=== Extracted entries ===

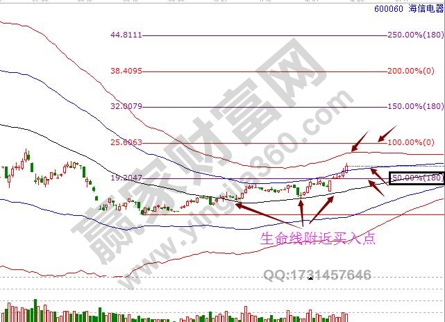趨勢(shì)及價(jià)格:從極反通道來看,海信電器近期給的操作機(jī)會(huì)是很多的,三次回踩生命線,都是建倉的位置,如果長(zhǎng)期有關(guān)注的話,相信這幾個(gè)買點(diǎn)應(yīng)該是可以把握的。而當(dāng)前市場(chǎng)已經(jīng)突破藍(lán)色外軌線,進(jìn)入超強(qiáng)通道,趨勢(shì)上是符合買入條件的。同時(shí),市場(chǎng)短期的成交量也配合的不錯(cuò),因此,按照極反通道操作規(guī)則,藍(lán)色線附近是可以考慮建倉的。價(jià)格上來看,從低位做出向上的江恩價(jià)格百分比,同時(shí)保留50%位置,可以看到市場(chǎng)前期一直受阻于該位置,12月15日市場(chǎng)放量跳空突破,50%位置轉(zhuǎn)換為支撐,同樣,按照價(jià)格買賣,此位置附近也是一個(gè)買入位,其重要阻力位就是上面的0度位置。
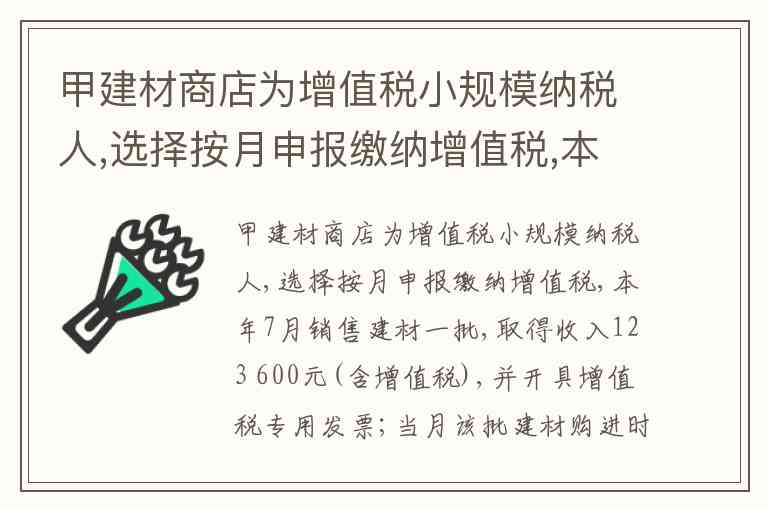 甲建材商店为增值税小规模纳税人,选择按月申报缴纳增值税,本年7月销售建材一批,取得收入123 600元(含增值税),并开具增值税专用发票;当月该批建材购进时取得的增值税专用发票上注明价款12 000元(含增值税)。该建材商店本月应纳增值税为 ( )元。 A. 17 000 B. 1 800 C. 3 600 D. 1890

===
=== Extracted entries ===

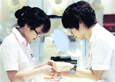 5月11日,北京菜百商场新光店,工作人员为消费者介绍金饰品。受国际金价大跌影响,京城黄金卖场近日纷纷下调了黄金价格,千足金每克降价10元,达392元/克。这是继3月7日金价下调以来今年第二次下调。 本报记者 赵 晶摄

===

**Problem details**
Return word for word the lines of the listing above, starting at the line with "趨勢(shì)及價(jià)" and ending at the line with "600 D. 1890", both included. Pictures do not belong in the copy.

**Solution**
趨勢(shì)及價(jià)格:從極反通道來看,海信電器近期給的操作機(jī)會(huì)是很多的,三次回踩生命線,都是建倉的位置,如果長(zhǎng)期有關(guān)注的話,相信這幾個(gè)買點(diǎn)應(yīng)該是可以把握的。而當(dāng)前市場(chǎng)已經(jīng)突破藍(lán)色外軌線,進(jìn)入超強(qiáng)通道,趨勢(shì)上是符合買入條件的。同時(shí),市場(chǎng)短期的成交量也配合的不錯(cuò),因此,按照極反通道操作規(guī)則,藍(lán)色線附近是可以考慮建倉的。價(jià)格上來看,從低位做出向上的江恩價(jià)格百分比,同時(shí)保留50%位置,可以看到市場(chǎng)前期一直受阻于該位置,12月15日市場(chǎng)放量跳空突破,50%位置轉(zhuǎn)換為支撐,同樣,按照價(jià)格買賣,此位置附近也是一個(gè)買入位,其重要阻力位就是上面的0度位置。
 甲建材商店为增值税小规模纳税人,选择按月申报缴纳增值税,本年7月销售建材一批,取得收入123 600元(含增值税),并开具增值税专用发票;当月该批建材购进时取得的增值税专用发票上注明价款12 000元(含增值税)。该建材商店本月应纳增值税为 ( )元。 A. 17 000 B. 1 800 C. 3 600 D. 1890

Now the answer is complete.